Light carries information, so think of information being manipulated in ways that have never before been possible. That information can be stored – put on a shelf, so to speak – retrieved at will, and converted back to light. The retrieved light would contain the same information as the original light, without so much as a period being lost.

Or the information could be changed. “The light waves can be sculpted,” is the way Hau puts it. “Then it can be passed on. We have already observed such re-sculpted light in our lab.”

A weird thing happens to the light as it enters the cold atomic cloud, called a Bose-Einstein condensate. It becomes squeezed into a space 50 million times smaller. Imagine a light beam 3,200 feet (one kilometer) long, loaded with information, that now is only a hair width in length but still encodes as much information.

From there it becomes easier to imagine new types of computers and communications systems – smaller, faster, more reliable, and tamper-proof.
Atoms at room temperature move in a random, chaotic way. But when chilled in a vacuum to about 460 degrees below zero Fahrenheit, under certain conditions millions of atoms lock together and behave as a single mass. When a laser beam enters such a condensate, the light leaves an imprint on a portion of the atoms. That imprint moves like a wave through the cloud and exits at a speed of about 700 feet per hour. This wave of matter will keep going and enter another nearby ultracold condensate. That’s how light moves darkly from one cloud to another in Hau’s laboratory.
This invisible wave of matter keeps going unless it’s stopped in the second cloud with another laser beam, after which it can be revived as light again.

Atoms in matter waves exist in slightly different energy levels and states than atoms in the clouds they move through. These energy states match the shape and phase of the original light pulse. To make a long story short, information in this form can be made absolutely tamper proof. Personal information would be perfectly safe.

Such a light-to-matter, matter-to-light system “is a wonderful thing to wrap your brain around,” Hau muses.

In a practical manner

 

You won’t see a light-matter converter flashing away in a factory, business, or mall anytime soon. Despite all the intriguing possibilities, “there are no immediate practical uses,” Hau admits.

However, she has no doubt that practical systems will come. And when they do, they will look completely different from anything we are familiar with today. They won’t need a lot of wires and electronics. “Instead of light shining through optical fibers into boxes full of wires and semiconductor chips, intact data, messages, and images will be read directly from the light,” Hau imagines.

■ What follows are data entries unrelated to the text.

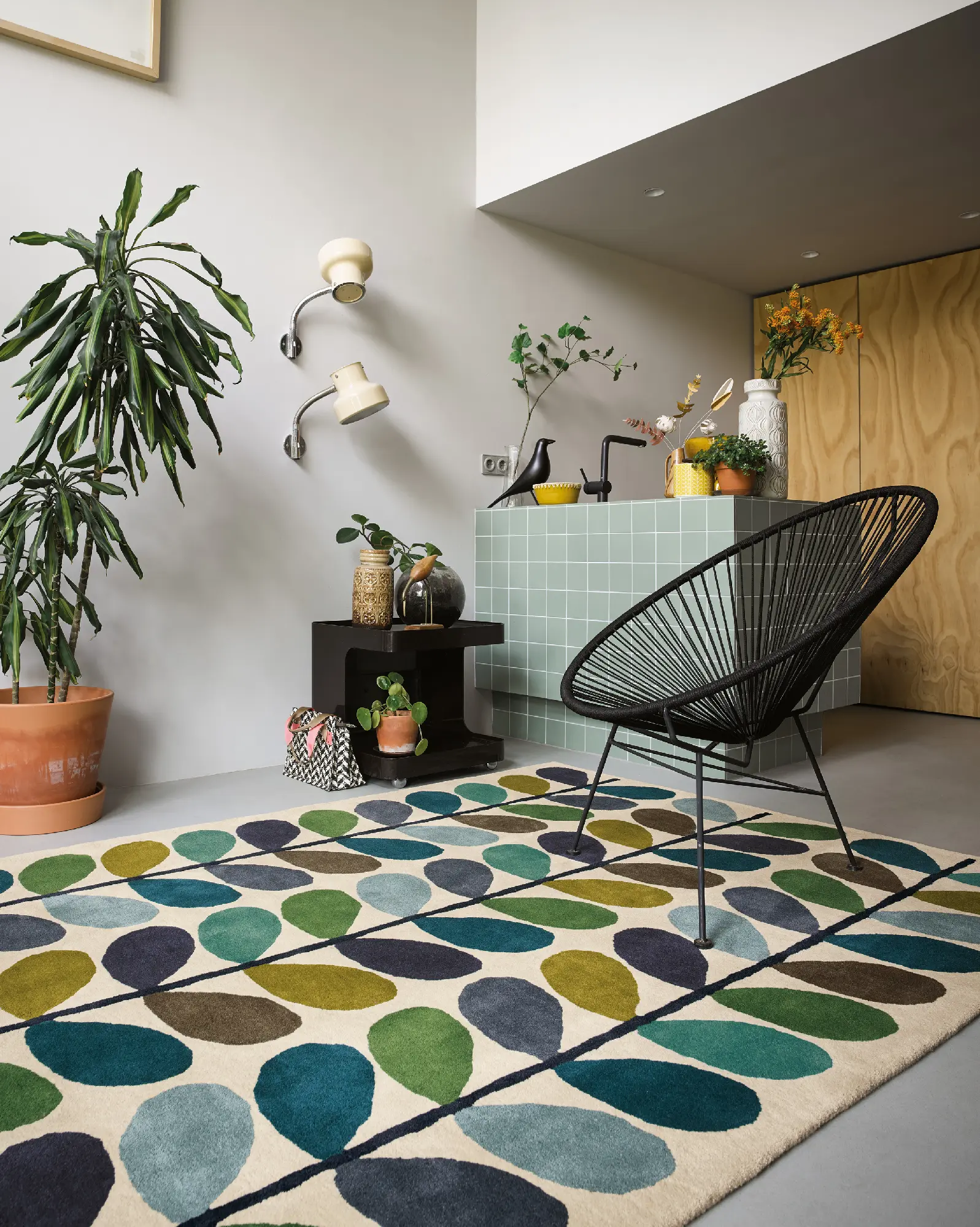 Dywan Orla Kiely MULTI STEM 059507 Kingfisher to prawdziwa kolorowa uczta dla oczu, z charakterystycznym wzorem zaprojektowanym przez irlandzką projektantkę Orlę Kiely. Jego wyjątkowy wzór inspirowany łodygami i kwiatami emanuje elegancją oraz morskim klimatem, idealnie nadając się do ożywienia każdego wnętrza. Dzięki połączeniu intensywnych kolorów i dynamicznego wzoru, ten dywan stanie się doskonałym elementem dekoracyjnym, który doda charakteru i świeżości każdemu pomieszczeniu.
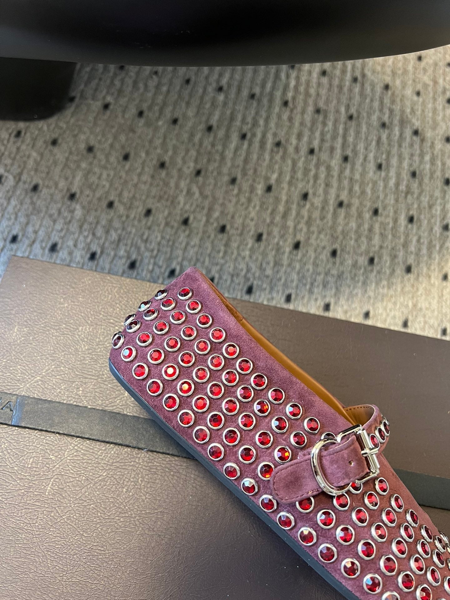 Alaia 25 Strass Ballet Flats Garnet Red Suede Goatskin 303725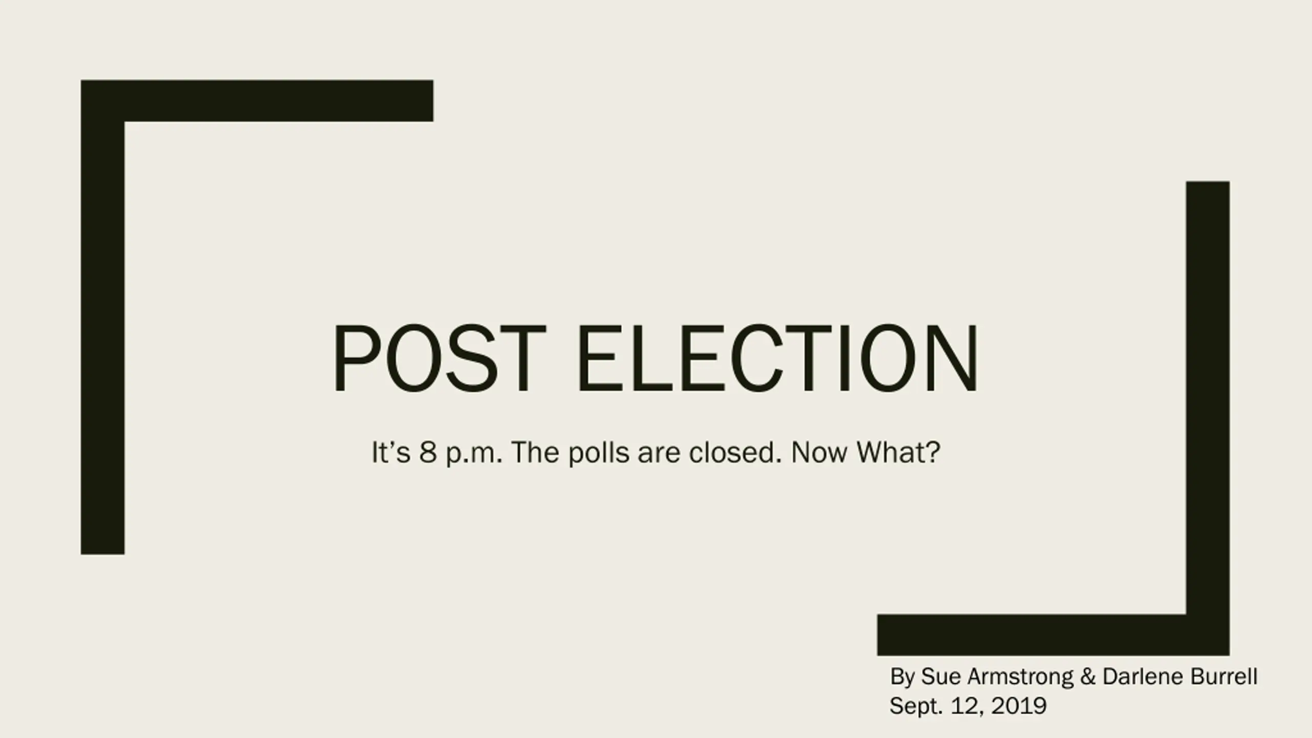 POST ELECTION It s 8 p.m. The polls are closed. Now What? By Sue Armstrong & Darlene Burrell Sept. 12, 2019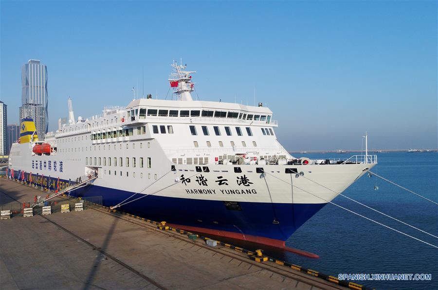 Imagen del 18 de diciembre de 2017 del buque de pasajeros llamado "Harmony Yungang" permaneciendo anclado en el Puerto de Lianyungang en la ciudad de Lianyungang, provincia de Jiangsu, en el este de China. El gran buque de pasajeros, que mide 196 metros de largo y 28.6 metros de ancho, puede alojar a 1,080 pasajeros durante su viaje de Lianyungang a la ciudad sudcoreana de Incheon. (Xinhua/Wang Jianmin)

Creating those ultracold atomic clouds in a factory, office, or recreation room will be a problem, but one she believes can be solved. “The atomic clouds we use in our lab are only a tenth of a millimeter (0.004 inch) long,” she points out. “Such atom clouds can be kept in small containers, not all of the equipment has to be so cold. Most likely, a practical system designed by engineers will look totally unlike the setup we have in our lab today.”
There are no “maybes” in Hau’s voice. She is coolly confident that light-to-matter communication networks, codes, clocks, and guidance systems can be made part of daily life. If you doubt her, remember she is the person who stopped light, converted it to matter, carried it around, and transformed it back to light.

Details of the experiments appear as the cover story of the Feb. 8 2007 issue of Nature. Authors of the report include graduate student Naomi Ginsberg, postdoctoral fellow Sean Garner, and Hau.